Responsabilidad del propietario,
Tras una década y media dedicada en pleno a la educación, adiestramiento y terapia del comportamiento canino puedo decir que son pocos los propietarios que son conscientes de sus responsabilidades con respecto al perro.
Como digo son casi todos los propietarios que, cuando me exponen sus problemas con su perro me dicen: “le llamo y no viene” “no me hace caso” “todavía no hace pis en la calle” “hace lo que quiere”…
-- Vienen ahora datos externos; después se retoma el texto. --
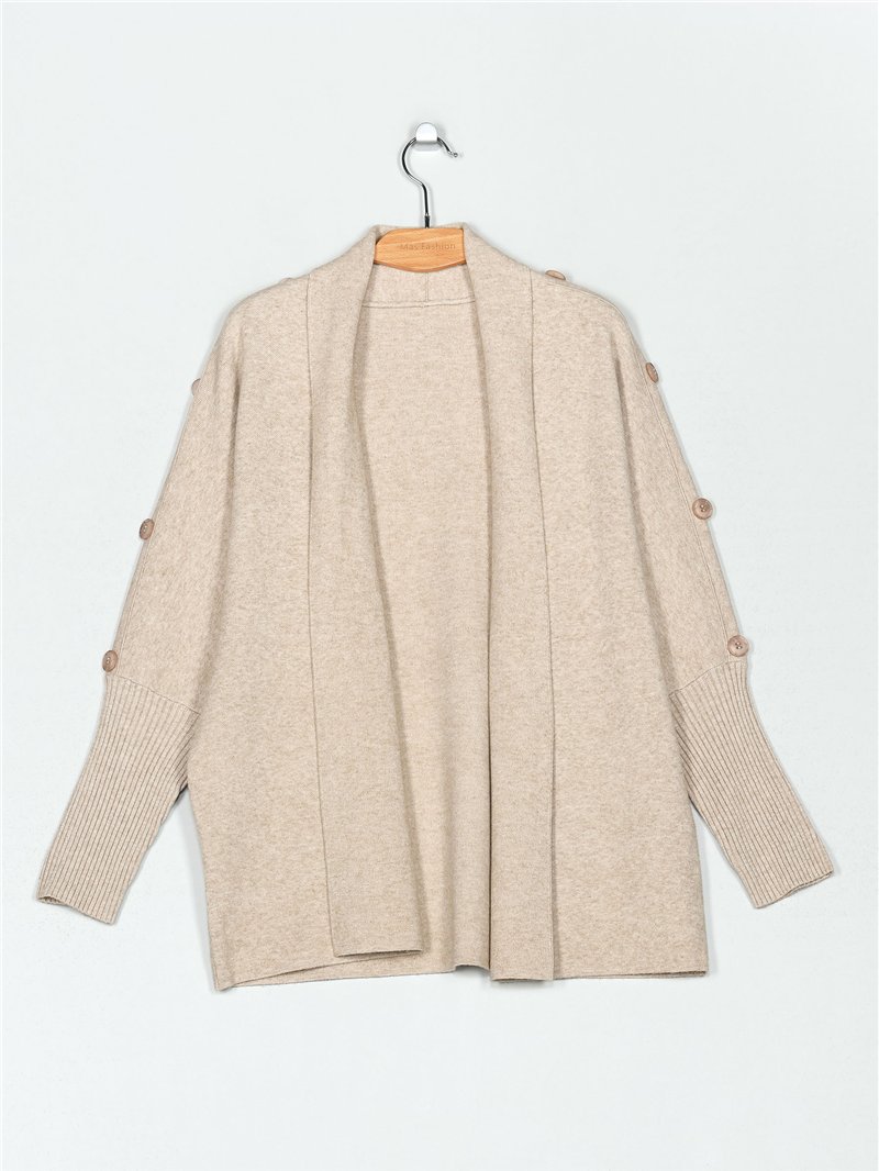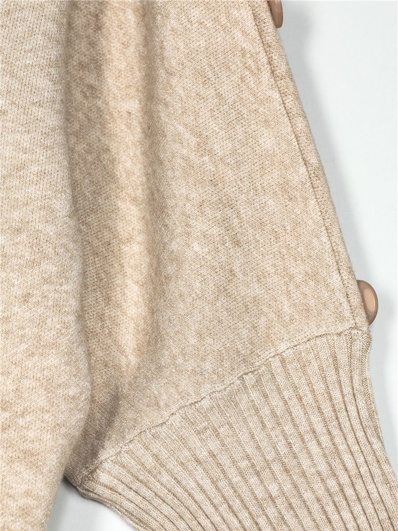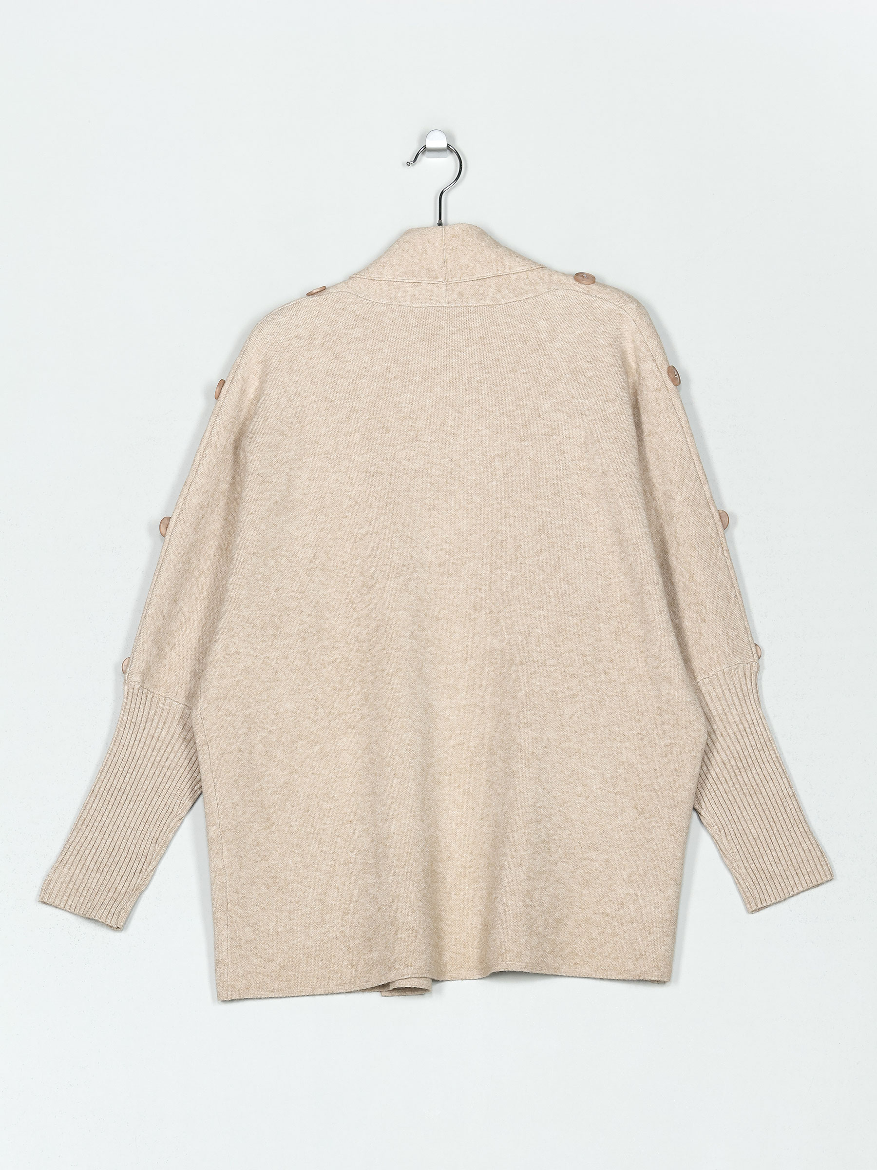 Casaco de malha quente. Toque suave. Tamanho grande. Detalhe de botões. Gola cachecol. Manga comprida.
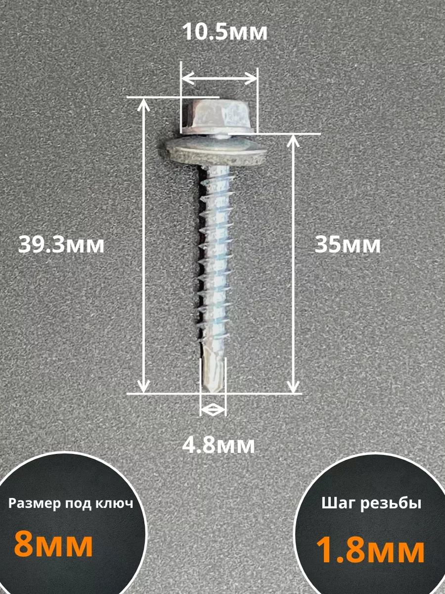 | Саморез кровельный 4,8х35 мм с шайбой (под сверло),ОЦ 1000шт. | B03004803536O07ф1000 | 1 шт. |
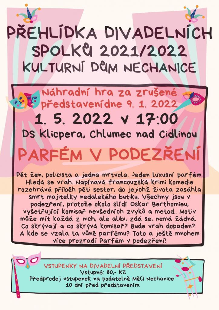 V neděli 1. 5. 2022 v 17:00 hod. odehraje DS Klicpera z Chlumce nad Cidlinou hru PARFÉM V PODEZŘENÍ Těšíme se na Vás!
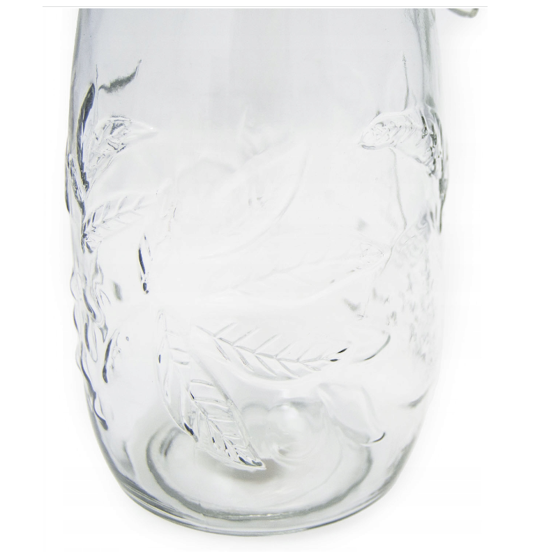 Słoik posiada wybrzuszenia w kształcie owoców, które dodają mu atrakcyjności
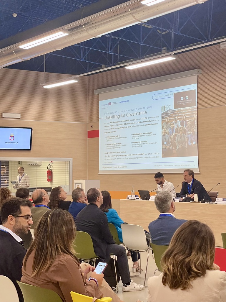 La Regione PugliaSezione Crescita digitale delle persone, del territorio e delle imprese del Dipartimento Sviluppo Economico, in collaborazione con il Dipartimento di Informatica dell’Università degli Studi di Bari “Aldo Moro”, il CINI-Consorzio Interuniversitario Nazionale per l’Informatica e ANCI Puglia, presenta UPSKILLING for GOVERNANCE, un corso di Alta Formazione rivolto ai dipendenti dei Comuni pugliesi. Il programma, incentrato su digitalizzazione, semplificazione amministrativa e gestione dei fondi europei, rappresenta un'opportunità concreta per rafforzare le competenze e migliorare l’efficienza della governance territoriale.
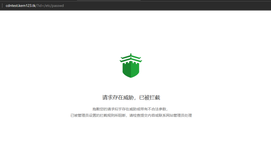 * WAF防护网站、CDN域名、网站服务器网站域名:[cdntest.kern123.tk](http://cdntest.kern123.tk)
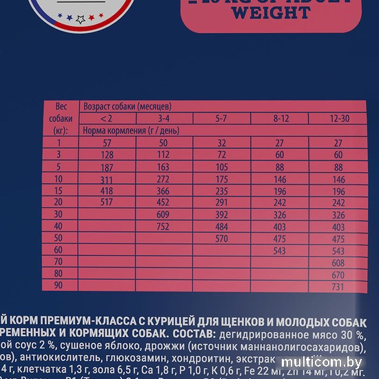 | Ингредиенты | дегидрированное мясо 30%, в том числе мясо курицы 14%, пшеница, кукуруза, жир куриный, глютен кукурузный, мясной соус 2 %, сушеное яблоко, дрожжи (источник маннанолигосахаридов), витаминно-минеральный комплекс, топинамбур (инулин - источник фруктоолигосахаридов), антиокислитель, глюкозамин, хондроитин, экстракт юкки Шидигера, экстракт розмарина. |
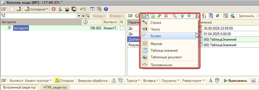 | В таком случае добавляй такой параметр обычным путем - через добавление строки и затем кнопку выбора типа в колонке "Значение". А в подменю размещены команды добавления параметров для часто используемых типов.
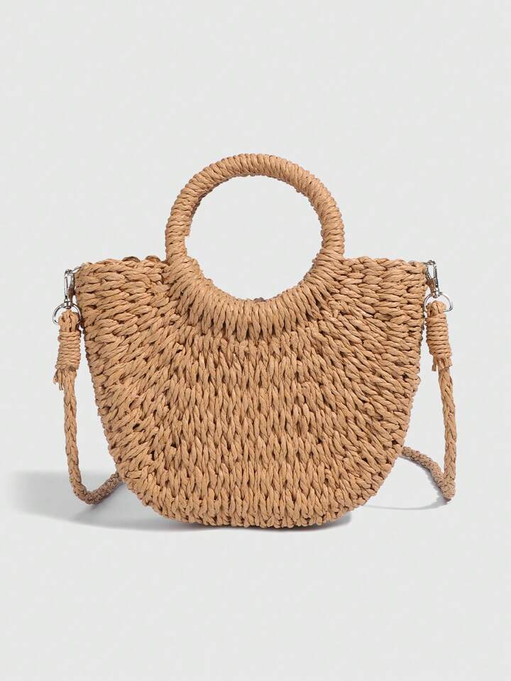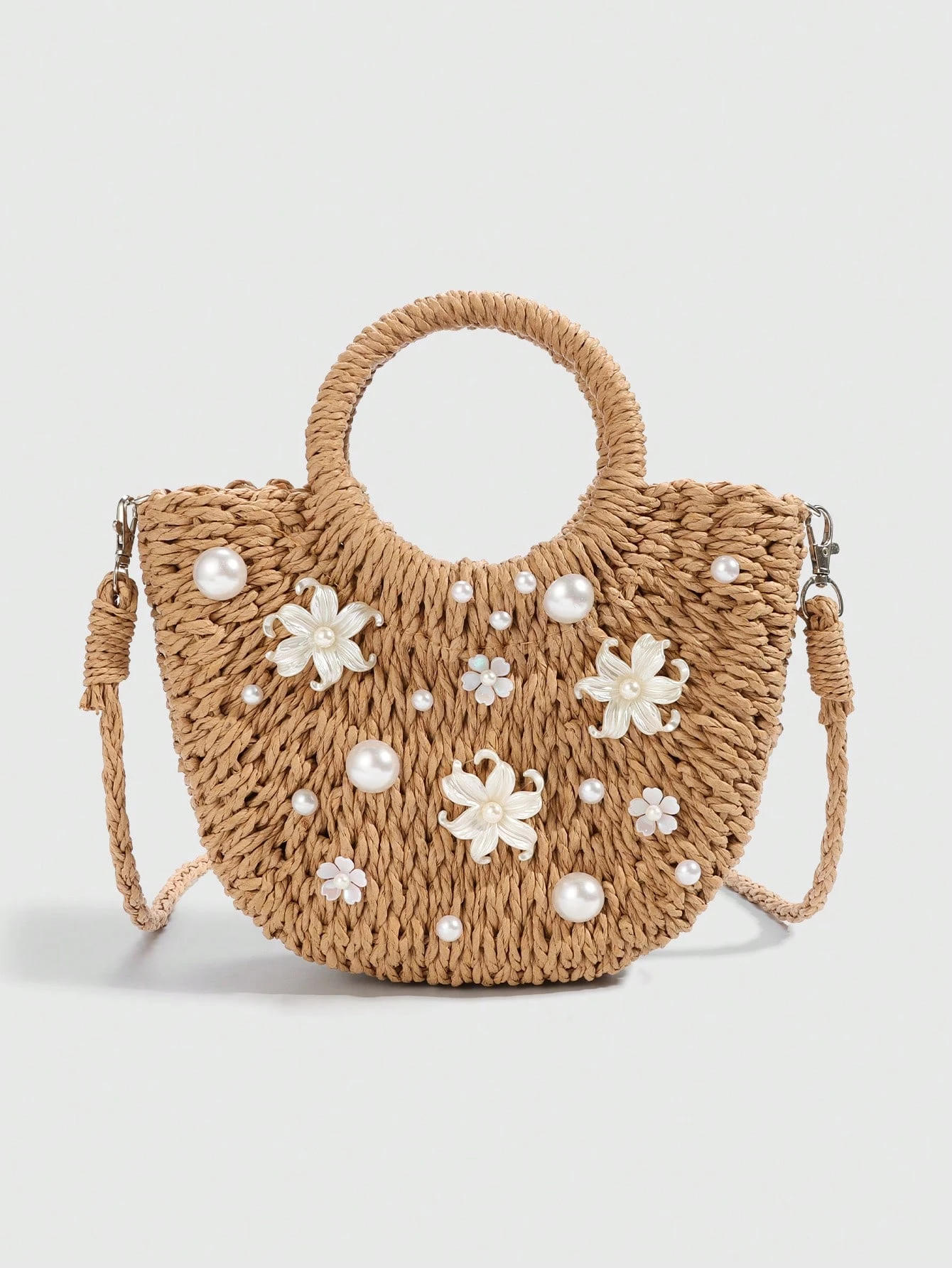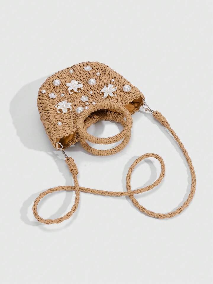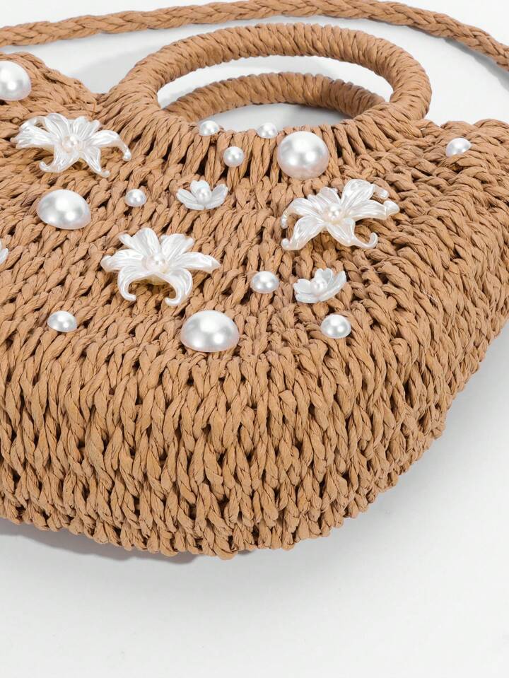 Fairycore 1 pieza Bolso de playa de paja decorado con estrella de mar y perlas, bolso de compras informal de estilo de resort de verano para mujer, color caqui
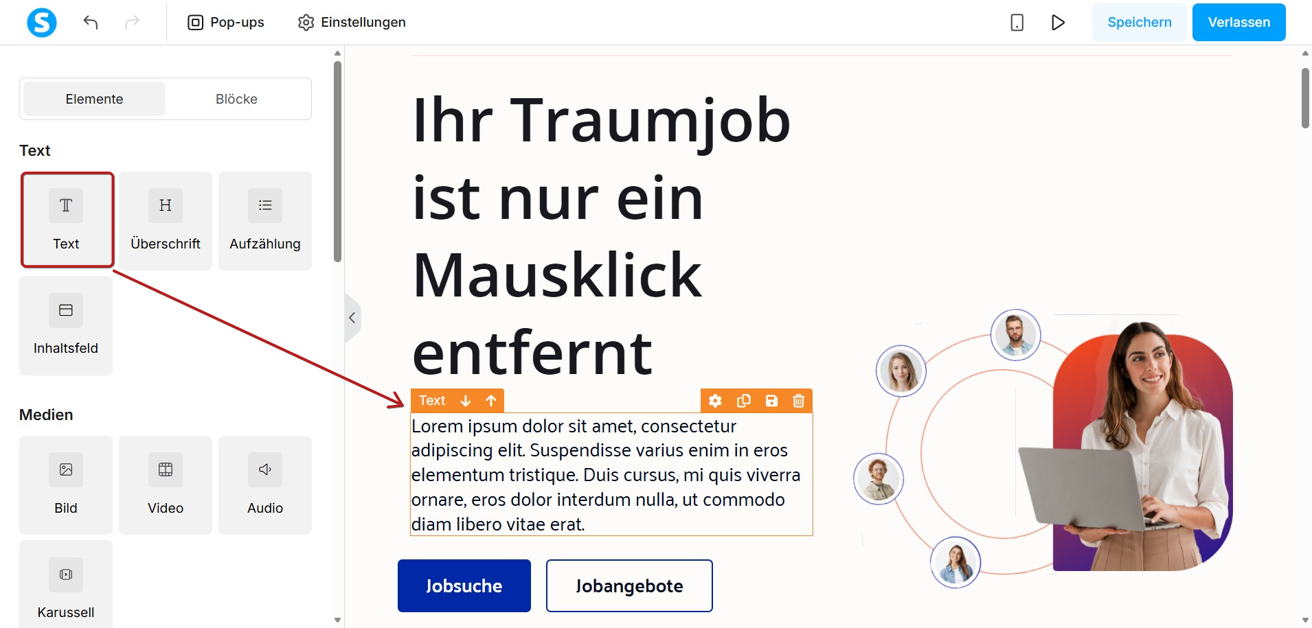 So verwenden Sie den Text-Abschnitt im Editor
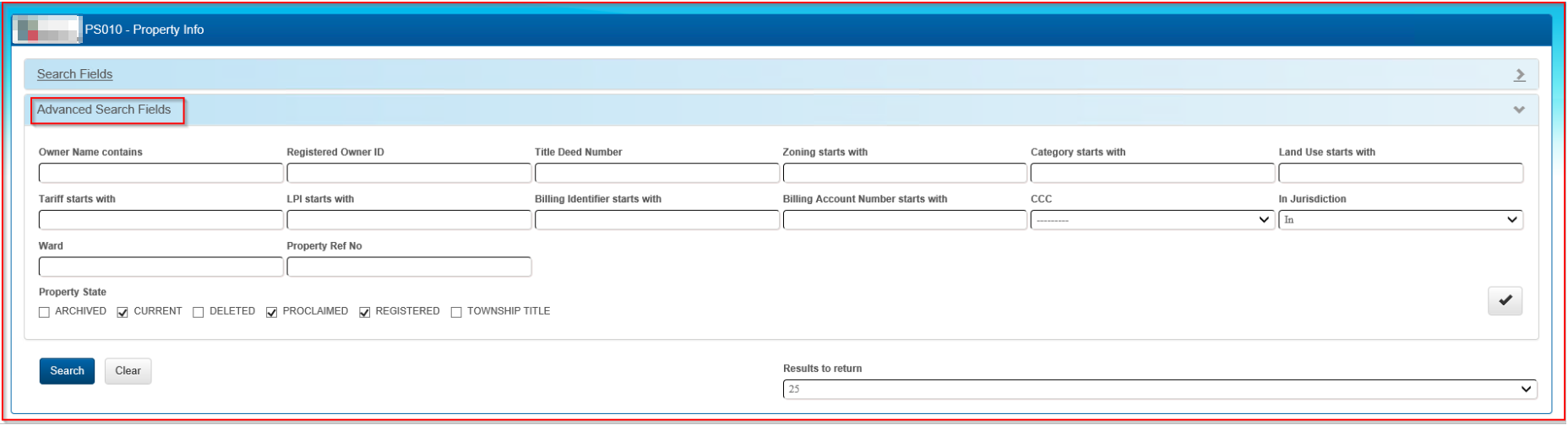 It may at times be necessary to insert some more extensive information so as to obtain the property details. In those cases use the 'Advanced Search Fields' function. This can be expanded to see additional fields which could optionally be searched on. If a property is not being displayed, it may be necessary to select additional fields for Property Type or Property Status.

Es aquí cuando aplico el principio que aprendemos en psicología (humana) “hablamos tal cual pensamos” aplico este procedimiento para captar cual es la postura que el propietario adopta con respecto a su perro, la cual en la mayoría de las ocasiones es equivocada.
Si analizamos las oraciones anteriores vemos que el sujeto de dichas oraciones (en este caso elíptico) es decir, quien realiza la acción y por tanto el responsable de las mismas es “el perro”, de este modo, pasando dicha responsabilidad al perro, el propietario queda tranquilo consigo mismo eludiendo su responsabilidad.
Mi primer paso en estos casos es concienciar al propietario de “su responsabilidad”, pues el planteamiento correcto dista mucho del reflejado, las oraciones correctas serían:
“no consigo que venga cuando le llamo”,”no se que hacer para que me haga caso”, “no he conseguido que haga el pis en la calle” “hace todo lo que le permito”… aquí se puede observar el cambio del sujeto, pues en estas ocasiones tanto el sujeto como el responsable de las mismas es el propietario.
De este modo el hecho es el mismo, pero el primer planteamiento genera un comportamiento de conformidad del propietario consigo mismo y su comportamiento y de disconformidad con el perro y sus actos, por el contrario, en el segundo caso el propietario se conciencia de su responsabilidad.
De este modo el propietario:
-No elude su esfuerzo sino que lo multiplica.
-No tiraniza su relación con el perro, tachándole de torpe, de falta de voluntad, de mala fe… sino que acepta la falta de conocimientos, de esfuerzo y de tiempo que no aplica a su pupilo.
- Acepta su papel de tutor y maestro del perro
Solamente el propietario que acepte que todo lo que su perro haga (bueno o malo) es responsabilidad suya será capaz de obtener el éxito sin deteriorar la relación con su perro.